Work instruction
Reproduce, from the lines below, exactly the stretch that begins at the line containing "- Pour cet essai, on" and ends at the line containing "STANMA‘s Alpinpartment läd", both included.

Input data
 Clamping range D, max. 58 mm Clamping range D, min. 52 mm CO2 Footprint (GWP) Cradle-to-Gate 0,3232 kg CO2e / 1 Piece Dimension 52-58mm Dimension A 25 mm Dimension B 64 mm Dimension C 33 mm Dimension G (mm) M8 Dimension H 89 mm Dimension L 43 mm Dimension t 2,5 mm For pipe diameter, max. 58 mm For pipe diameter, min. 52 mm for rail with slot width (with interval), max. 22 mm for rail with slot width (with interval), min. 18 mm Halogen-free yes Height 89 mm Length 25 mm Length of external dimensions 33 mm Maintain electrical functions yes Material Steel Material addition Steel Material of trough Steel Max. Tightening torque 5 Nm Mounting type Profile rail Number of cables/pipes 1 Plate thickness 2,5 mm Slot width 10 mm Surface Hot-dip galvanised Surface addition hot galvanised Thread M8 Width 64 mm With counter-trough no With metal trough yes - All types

==

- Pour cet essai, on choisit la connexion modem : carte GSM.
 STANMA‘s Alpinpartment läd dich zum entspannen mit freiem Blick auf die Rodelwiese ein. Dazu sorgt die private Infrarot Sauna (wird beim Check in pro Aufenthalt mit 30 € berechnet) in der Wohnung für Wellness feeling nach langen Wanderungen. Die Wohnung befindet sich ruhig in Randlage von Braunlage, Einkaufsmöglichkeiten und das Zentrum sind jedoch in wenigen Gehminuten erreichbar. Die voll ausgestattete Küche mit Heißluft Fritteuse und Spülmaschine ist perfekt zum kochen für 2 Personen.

Answer for the task
- Pour cet essai, on choisit la connexion modem : carte GSM.
 STANMA‘s Alpinpartment läd dich zum entspannen mit freiem Blick auf die Rodelwiese ein. Dazu sorgt die private Infrarot Sauna (wird beim Check in pro Aufenthalt mit 30 € berechnet) in der Wohnung für Wellness feeling nach langen Wanderungen. Die Wohnung befindet sich ruhig in Randlage von Braunlage, Einkaufsmöglichkeiten und das Zentrum sind jedoch in wenigen Gehminuten erreichbar. Die voll ausgestattete Küche mit Heißluft Fritteuse und Spülmaschine ist perfekt zum kochen für 2 Personen.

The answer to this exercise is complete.